The Fed's Next Decision Is More Complicated Than It Seems

US inflation data is set for release today at 4:30 GMT+4, and the markets are awaiting how the real reading come out compared to both the expected and previous readings. Forecasts indicate that annual inflation will continue to slow for the eighth consecutive month to 6%, compared to 6.4% in the month prior. This would be the lowest CPI reading since October 2021.


However, the Fed still stressed that inflation needs to return to its target level of 2%, and that monetary tightening will continue as long as inflation remains above this level. The Fed also confirmed that interest rate expectations at its March meeting will depend on the nature of economic data. Markets will therefore focus on whether today’s inflation reading will show optimism to slow the pace of interest rate hikes or to hike more aggressively, perhaps by half a percentage point.


Markets will also be considering the recent collapse of SVB, which could even limit the impact of today’s inflation data.

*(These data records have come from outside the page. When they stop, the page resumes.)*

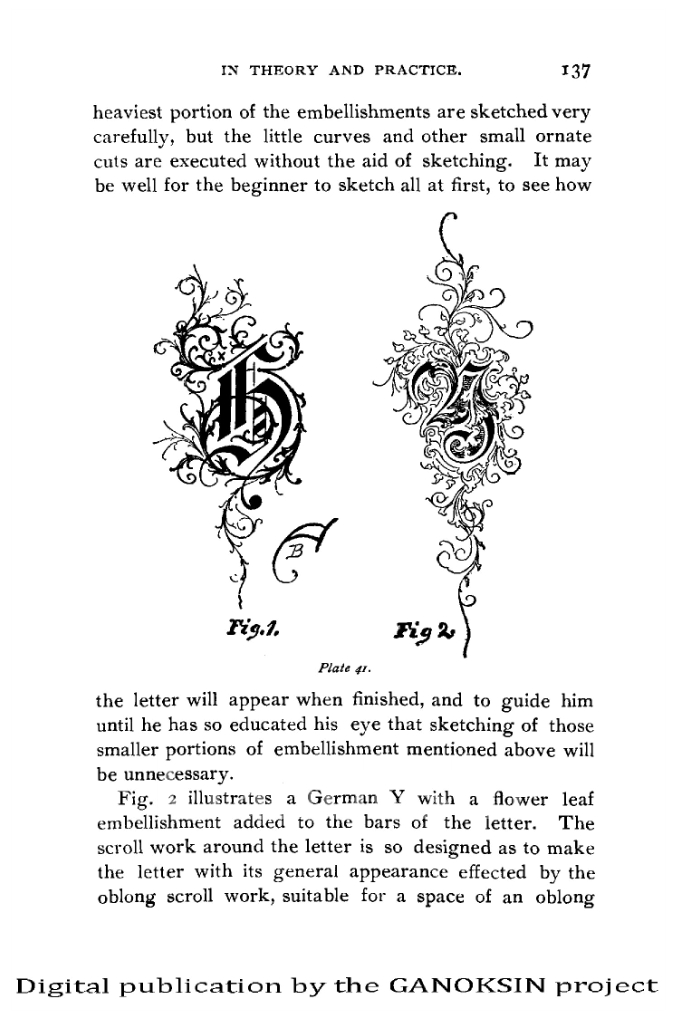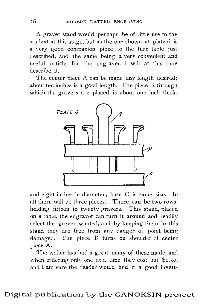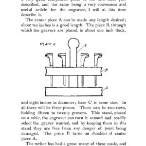 Information on design and layout is addressed, using dilute china white to thin coat the surface for layout (or wiping your index finger through your hair and then patting the resultant oil onto the metal surface). Practice plates and designs for practicing and learning are illustrated. The ‘line of beauty’ is described and its core use in lettering explained: it is used in 20 out of 26 script letters. Also addressed are the principles of the ‘capital stem and body stroke’; The author describes a turntable of his own design to allow finished silver vessels as well as flat plates to be engraved. A precursor of the engravers ball used today. This tool reduces scratches on the object during engraving.
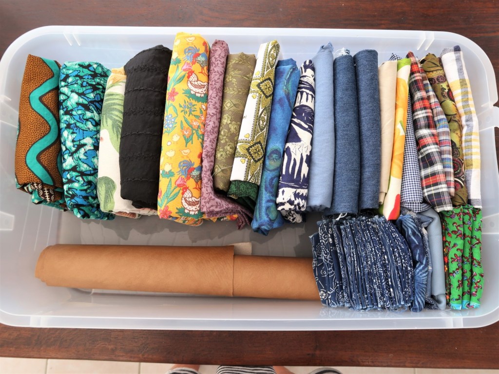 My shopping that one Saturday was really successful. The thrift shop that was supposed to be almost all books also had a clothing department. I found two dresses and a blouse and when I asked if they had fabric, sheets or tablecloths, the lady behind the counter pointed me to the bins underneath the tables. Oh my. There was a lot of rubbish in those bins, but also some real treasures to be found. At first, I tried to keep myself from going overboard, but then the kind lady said: “You can take it all free. Nobody wants it. Just take it off our hands.” Well, that’s all the motivation I needed. So I kept digging and filled up a box with all kinds of fabric. When I showed the ladies what I was going to take and asked what to pay for the clothing, the first lady said: “I told her she could take that fabric for free.” But there was this Dutch woman who said (with that sour expression lots of Dutch women seem to have these days): “Well, a small donation wouldn’t hurt one bit.” Um, no. Of course not. It was for a good cause and everything But it wouldn’t have hurt her to ask nicely. Oh well, I mostly feel sorry for people like that. Anyway. I paid 12,50 guilders (about 7,50 dollars) for a whole bag of fabric. The same amount of money for the dresses and the blouse, and then 35 guilders for a giant box of books. Consider my donations made. I washed all the fabric when I came home, and then it sat in a laundry basket for two days. Until last Tuesday, when I decided organizing my fabric would make me happy.
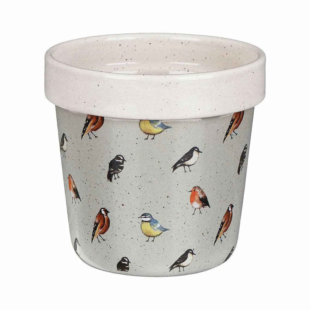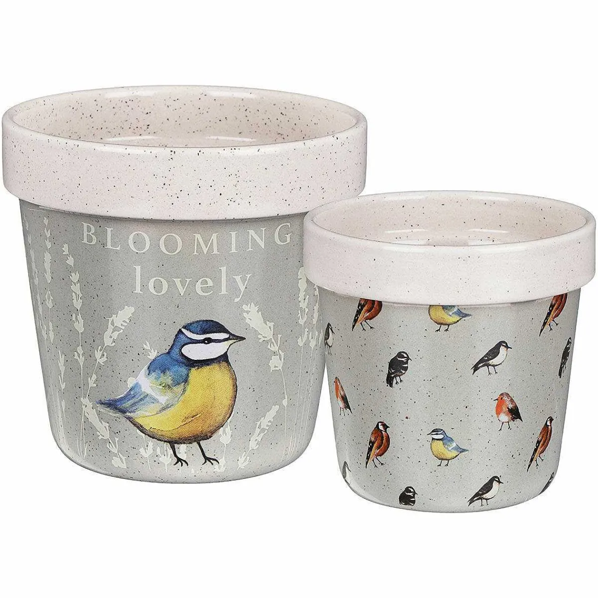 Made From Ceramics With A Speckled Cream Surface, With A Sage Green Base, Each Plant Pot Has A Different Design. The Large One Features A Single Blue Tit On Either Side With The Text ‘Blooming Lovely’ Above The Bird. The Smaller Plant Pot Features Blue Tits, Robins, Goldfinches And Other Garden Birds In A Repetitive Scattered Pattern, Complimenting The Large So They Can Be Displayed As A Pair Or Separately. The Smaller Plant Pot Fits Snuggly Inside The Larger One For Easier Storage When Not In Use.
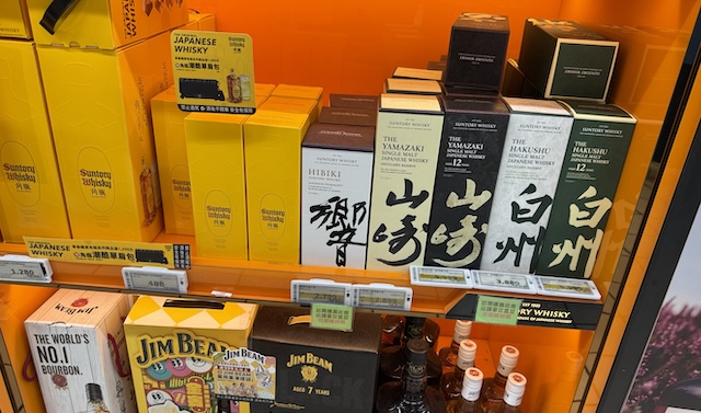 売り場にはなんと白州、山崎、響きがずらり!めちゃくちゃ高額かと思ったら、思ったより安い。
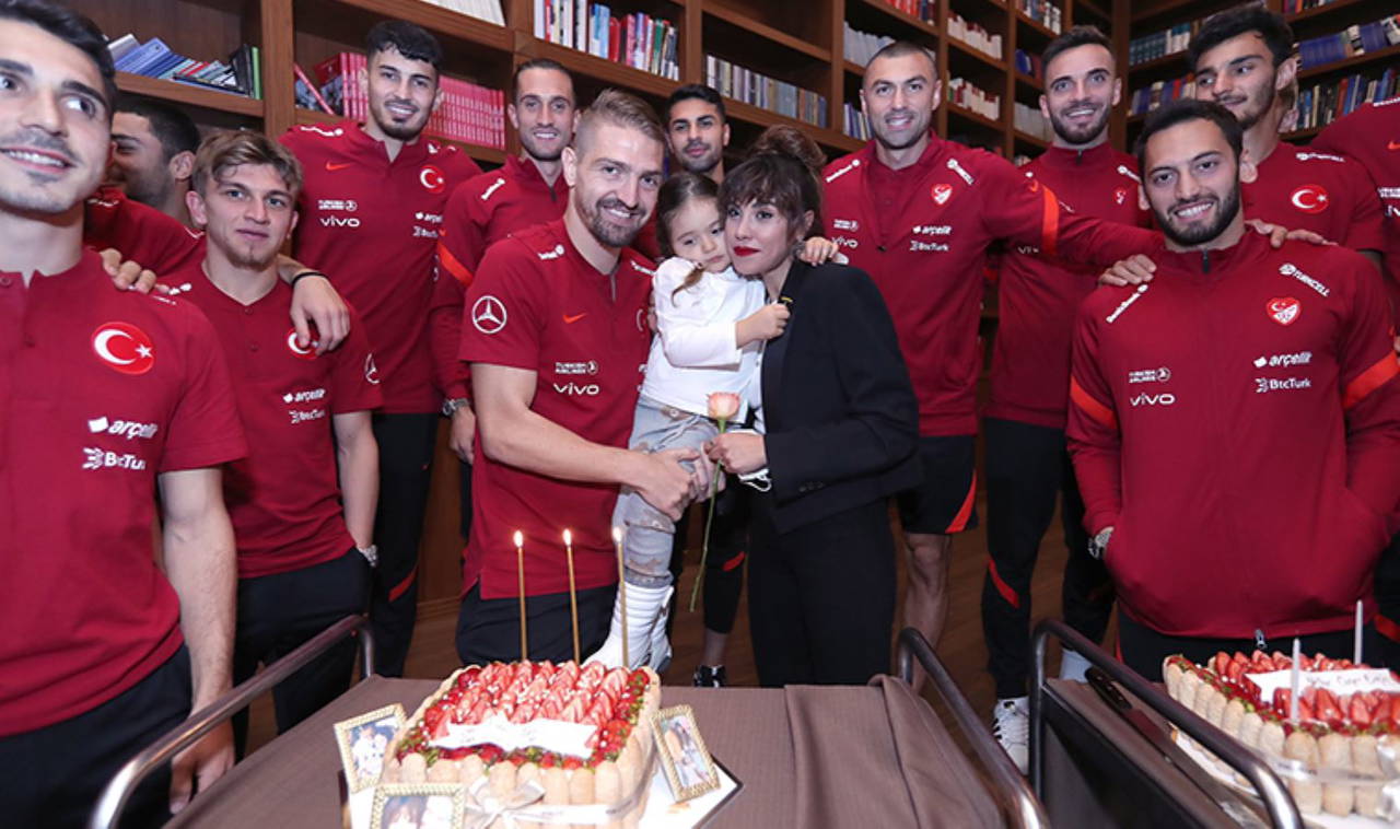 Yeniden milli takımda olmaktan duyduğu mutluluğu ifade eden Caner, kendisi için yapılan sürprizlere teşekkür ederek tebrikleri kabul etti.
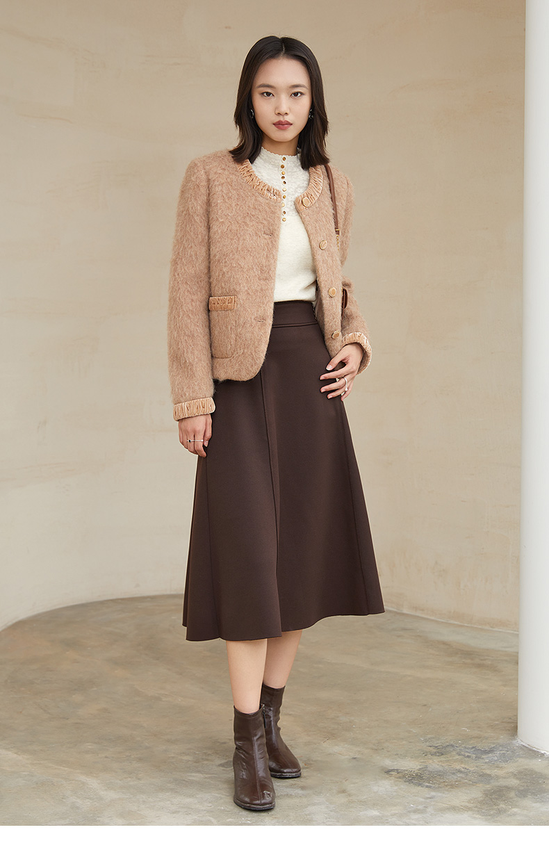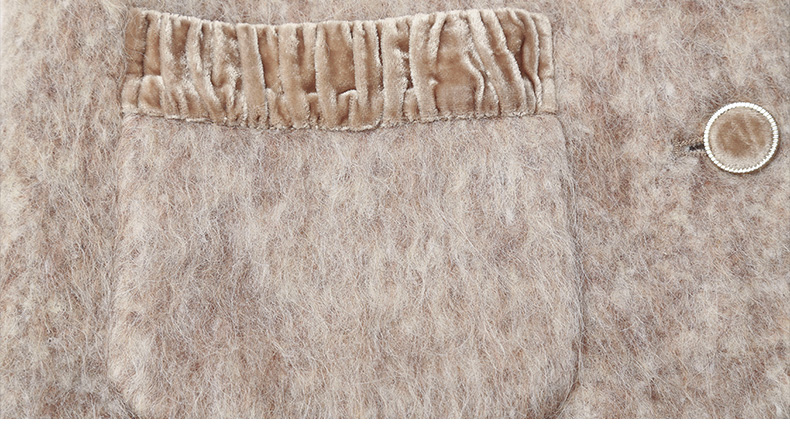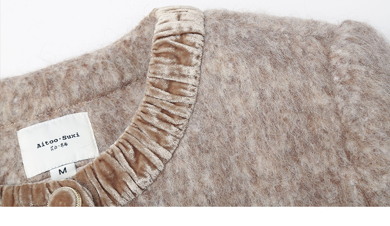 浅燕麦杂色毛呢短款外套 圆领丝绒流苏边单排扣双口袋修身显瘦秋冬法式优雅名媛风上衣
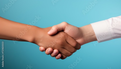 Professional promotional handshake on vibrant blue background with ample space for customizable text
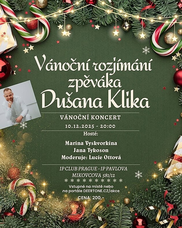 já a múj tým Vás srdečně zveme na moje první Vánoční rozjímání, které se koná 10.12.2025 od 20:00 v IP Clubu na IP Pavlova v Praze. Jsem popový a muzikálový zpěvák a začínal jsem u klasiky. Dříve jsem působil v Divadle města Ústí nad Labem a od září jsem na volné noze a zároveň externě zpívám v divadle F.X. Šaldy v Liberci. Na mém kocertě Zazní spoustu zajímavých vánočních i nevánočních skladeb - popových, muzikálových a šansonových, ale i klasického charakteru, které ale uslyšíte v podání mé milé kolegyně zpěvačky a operní divy Mariny Vyskvorkiny, která přijala mé pozvání a zazpívá si semnou na mém koncertě. V neposlední řadě přijala pozvání i další vzácná návštěva a to moje česko - švédská kamarádka a designérka Jana Tykoson, která si také semnou zazpívá a která pro zajímavost pochází právě z hudební rodiny skladetele Váši Příhody a její rodina má vazbu na jméno skladatele Gustava Mahlera. Meze se nekladou a možná uvidíte na pódiu i někoho dalšího, krom toho mezi diváky v hledišti zasednou i různí VIP hosté a umělci. To vše a mnohem více Vás čeká. Tak neváhejte a doražte!!!

Several US banks have started to show signs of struggling in response to the Fed’s tighter monetary policy. Bankruptcy announcement from three banks so far, including SVB Financial Group, Signature Bank and Silvergate Capital, could mean that today’s CPI reading isn’t the most important thing on investors’ minds, and that some surprising rate decisions could be on the way from the Fed. Golden Sachs even expects the Fed not to raise interest rates at its March 22 meeting.


The issuance of today’s CPI data may be accompanied by fluctuations in the financial markets, with a reminder that the initial market reaction, regardless of the nature of the real reading, may be sharp and volatile initially before the market returns to stability.


It is necessary to remember that traders have different ideas and convictions in the way they interpret the information issued, and therefore prices cannot move 100% according to that information. The expected scenarios as per our analysts are outlined as follows:



  1. A reading higher than the previous reading (6.4%)

This would translate to fears that inflation is rising again, and could push the Federal Reserve to continue at a strict pace with regard to interest rates. This may be positive for the US dollar and negative for stocks and gold.


  1. A reading at or below expected (6.0%)

Perhaps this will convince the Fed to halt the pace of raising interest rates, and thus this may be negative for the dollar and positive for stocks and gold.


  1. A reading higher than expected, but lower than the previous (between 6.0% and 6.4%)

This would be the most confusing situation for markets and would bring expected volatility before prices take a specific direction.



However, we reaffirm that predictions will be very difficult in light of recent market developments. We will see how the Fed tackles today’s data and how regulators will deal with the banking sector.